26:46 minutes
Five Hundred Twenty-Four, a single-channel video installation by Lenka Clayton and Phillip Andrew Lewis, features singers from over twenty Cleveland-area choirs counting numbers in an iterative process: one person sings “one”, then two people sing “two”, and so forth, to 524. Each choir was filmed separately, and the artists weave together the audio while the video features each choir individually. The juxtaposition of different contexts in which singing occurs functions as an embedded sociological study of various communities throughout the region. As artists living in Pittsburgh, PA, Clayton and Lewis have long worked in their individual and joint practices with particular communities. Here, they were inspired by the statistic that one in five US households includes someone who is part of a choir. As basic human forms, both singing and counting are ways to explore our tenuous connections to others and learn new ways of being together in the wake of the COVID-19 pandemic. This work marks the formation and dissipation of a new group made up of pre-existing groups who usually operate separately behind closed doors in different corners of the region. Although the singers may have not been all in the same room, they become one collective musical body through the artists’ digital efforts—a way of fostering community many have become comfortable with through the COVID-19 pandemic. While the piece is sung with a collective voice, every individual is uniquely tasked to begin and end counting at their specific number. The score is a roll call, an audit, a measurement performed by the measured. The work takes on wider relevance as a mobilization of disparate communities amid a time of social fragmentation in the USA. Concluding with a threshold choir who sing the final numbers of the sequence, the work speaks to larger cycles of life, death, and renewal.

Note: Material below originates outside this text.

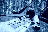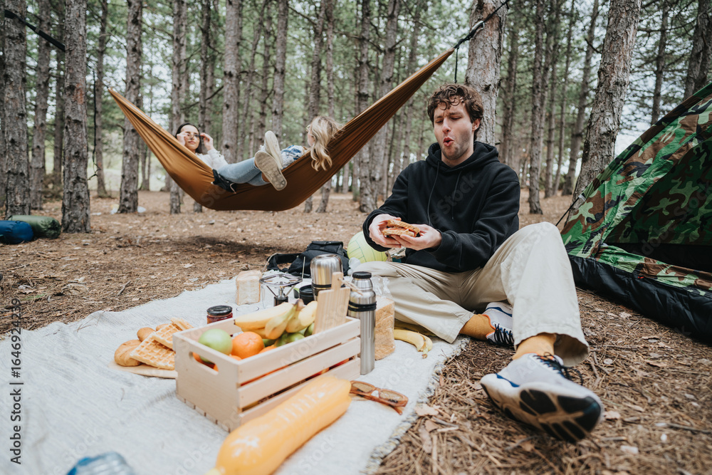 Friends gather outdoors at a serene forest location, enjoying a picnic and hammocks amidst nature.

Lenka Clayton and Phillip Andrew Lewis’s collaborative practice is social at its core: it engages with and connects communities outside of the so-called art world in both production and presentation. This is evident in their works across media; the artworks themselves emerge as literal and figurative gathering places. Lenka Clayton is an interdisciplinary artist whose work considers, exaggerates, and alters the accepted rules of everyday life, extending the familiar into the realms of the poetic and absurd. In previous works, she has searched for and photographed every person mentioned by name in a German newspaper; worked with artists who identify as blind to recreate Brancusi’s Sculpture for the Blind from a spoken description; and reconstituted a lost museum from a sketch found in an archive. Clayton is the founder of An Artist Residency in Motherhood, a self-directed, open-source artist residency program that takes place inside the homes and lives of artists who are also parents. There are currently over 1,000 artists-in-residence in 62 countries. Phillip Andrew Lewis is an artist working in a variety of media including photography, video, objects, and sound. His creative research often responds to historical events, psychology, and phenomenology. This work consistently examines duration, perceptual limits and attentive observation. Lewis is actively involved in collaboration with artists and various groups.